AWS Certified Machine Learning - Specialty Exam: Troubleshooting Kinesis Data Firehose Data Transformation Failure

Troubleshooting Kinesis Data Firehose Data Transformation Failure

Question

You work for a car rental firm in their car tracking department.

Your team is responsible for building machine learning solutions to track the company's fleet of cars.

Each car is equipped with a GPS vehicle tracking device that emits IoT data.

You are building a data transformation solution to take the GPS IoT data and transform it before storing it in S3 for use in your machine learning models. You have decided to use Kinesis Data Firehose data transformation to pre-process your IoT data before storing it in S3

You have written your lambda function that pre-processes the data, and you are now testing your data transformation process flow.

When running your tests, you see that Kinesis Data Firehose rejects every record as a data transformation failure.

What could be the reason for the failure?

Answers

Explanations

Click on the arrows to vote for the correct answer

A. B. C. D.

Answer: B.

Option A is incorrect.

The status of your transformed record produced by your lambda function can be Ok (the record was transformed successfully), Dropped (the record was dropped intentionally by your transformation logic), or ProcessingFailed (the record could not be transformed)

A status of Ok or Dropped indicates to Kinesis Data Firehose that the record was successfully processed.

A status of ProcessingFailed indicates a failed transformation.
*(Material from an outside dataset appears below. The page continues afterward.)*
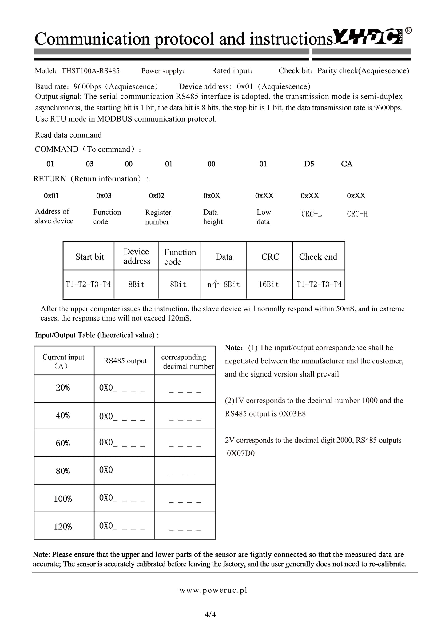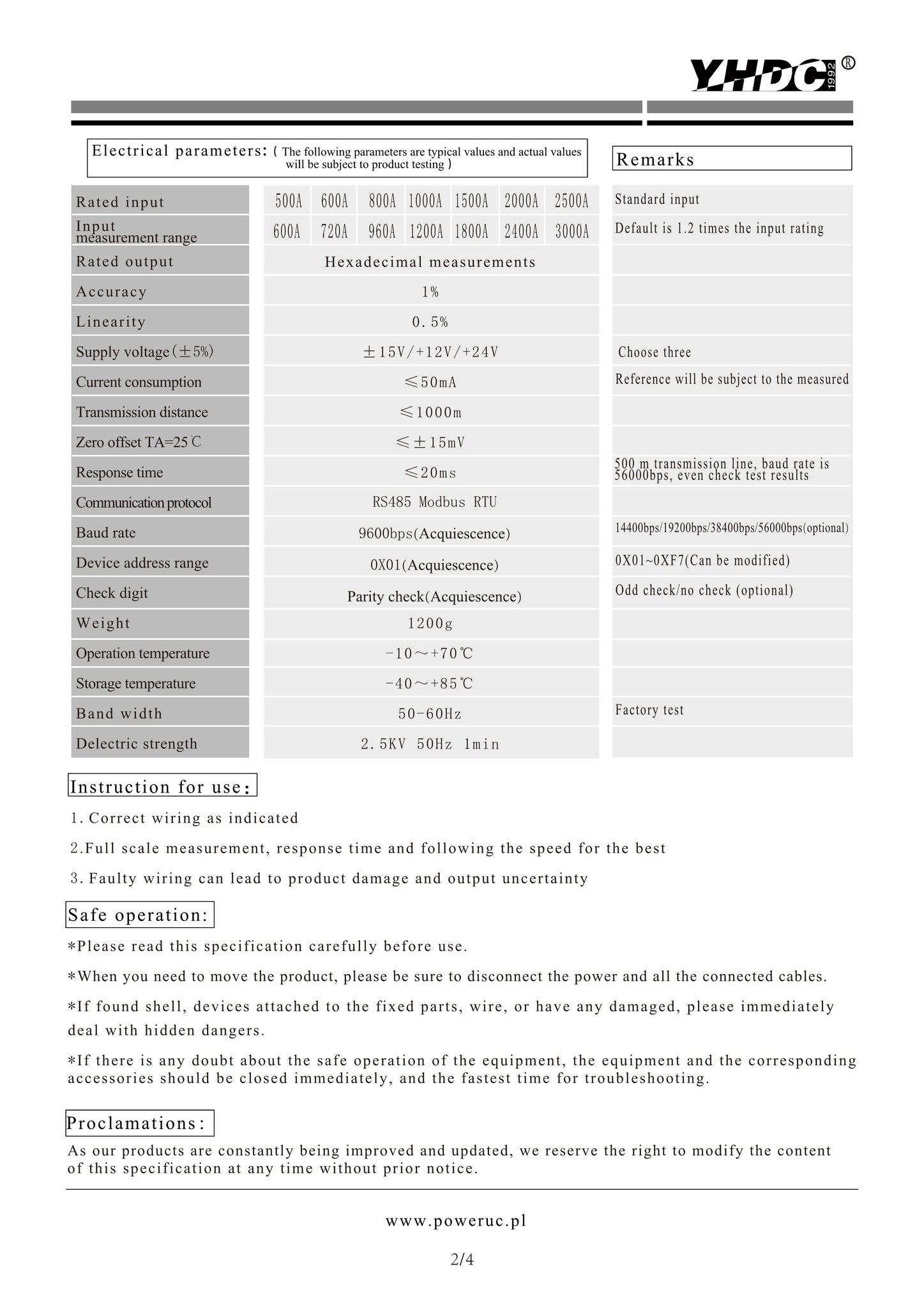 AC Digital output current transducer table THST100A-RS485 rated input 500A 800A 1000A 1200A 1500A 1800A 2000A 2500A power supply  +12V +24V ±15V - PowerUC

Your lambda function has set each record's status to either Ok or Dropped, so this option is incorrect.

Option B is correct.

Transformed records received by Kinesis Data Firehose from lambda must contain the recordId, result, and data parameters.

Your transformed records only contain the recordId and result parameters.

Option C is incorrect.

You can use lambda blueprints from either the AWS Serverless Application Repository or the AWS Lambda console to create your transformation lambda function.

Option D is incorrect.

You can use lambda blueprints from either the AWS Serverless Application Repository or the AWS Lambda console to create your transformation lambda function.

Reference:

Please see the Amazon Kinesis Data Firehose developer guide titled Amazon Kinesis Data Firehose Data Transformation.

The reason for the data transformation failure in this scenario could be option A, where the Lambda function has set the result to OK or Dropped for each record processed.

Kinesis Data Firehose is a fully managed service that enables real-time delivery of streaming data to destinations such as S3, Redshift, Elasticsearch, and Splunk. It can also be used to transform data before delivering it to the destination. To perform the transformation, you can use a Lambda function that processes the incoming data and returns the transformed data to Kinesis Data Firehose.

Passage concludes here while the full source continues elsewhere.